INPUT DATA:
⟨
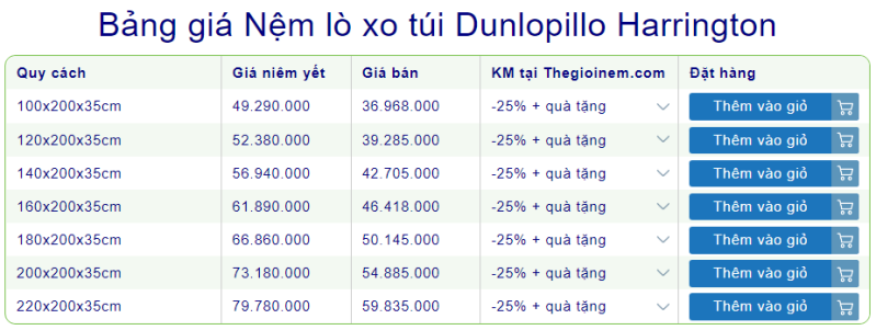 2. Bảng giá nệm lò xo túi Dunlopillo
⟩
⟨
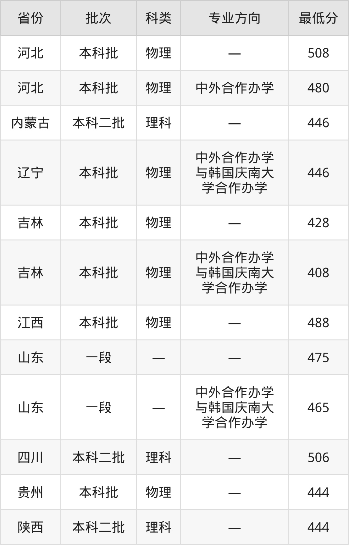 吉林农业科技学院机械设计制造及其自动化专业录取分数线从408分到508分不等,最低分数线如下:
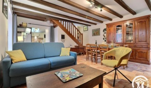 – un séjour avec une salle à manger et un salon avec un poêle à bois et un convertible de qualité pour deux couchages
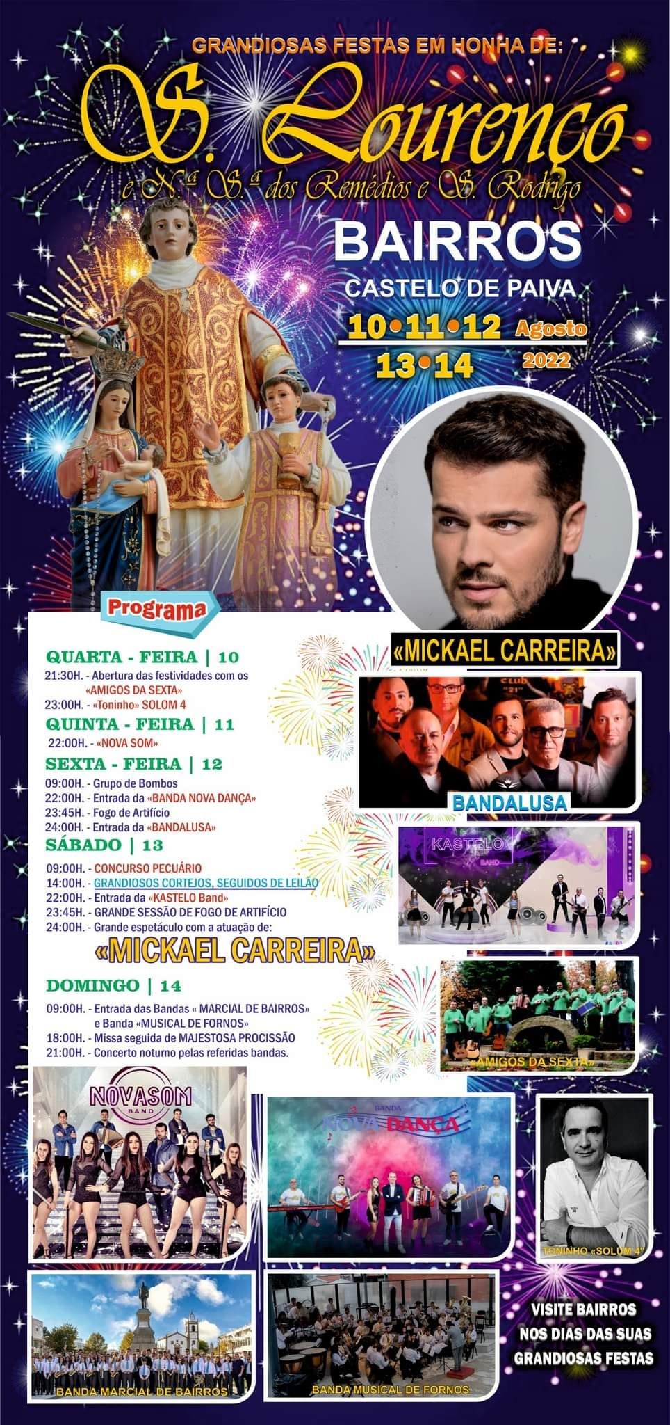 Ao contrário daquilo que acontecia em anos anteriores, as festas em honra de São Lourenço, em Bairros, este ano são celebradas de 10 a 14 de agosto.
⟩
⟨
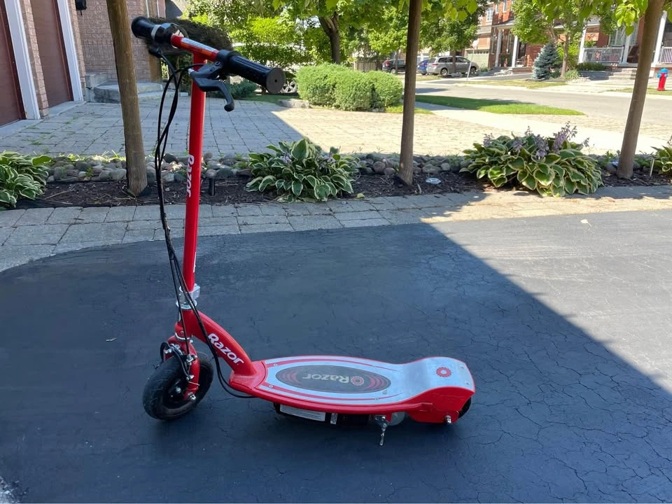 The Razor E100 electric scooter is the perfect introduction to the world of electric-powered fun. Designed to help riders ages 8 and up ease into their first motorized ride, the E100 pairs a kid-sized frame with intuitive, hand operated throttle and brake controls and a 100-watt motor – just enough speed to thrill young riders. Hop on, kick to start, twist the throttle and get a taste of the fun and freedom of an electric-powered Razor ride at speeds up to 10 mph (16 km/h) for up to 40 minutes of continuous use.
⟩
TASK REQUIREMENTS: Among the entries above, find the line with "吉林农业科技学院机械设计制造" and repeat exactly from there through the line with "Ao contrário daquilo", leaving out the pictures.

RESULT FOR THIS TASK:
 吉林农业科技学院机械设计制造及其自动化专业录取分数线从408分到508分不等,最低分数线如下:
 – un séjour avec une salle à manger et un salon avec un poêle à bois et un convertible de qualité pour deux couchages
 Ao contrário daquilo que acontecia em anos anteriores, as festas em honra de São Lourenço, em Bairros, este ano são celebradas de 10 a 14 de agosto.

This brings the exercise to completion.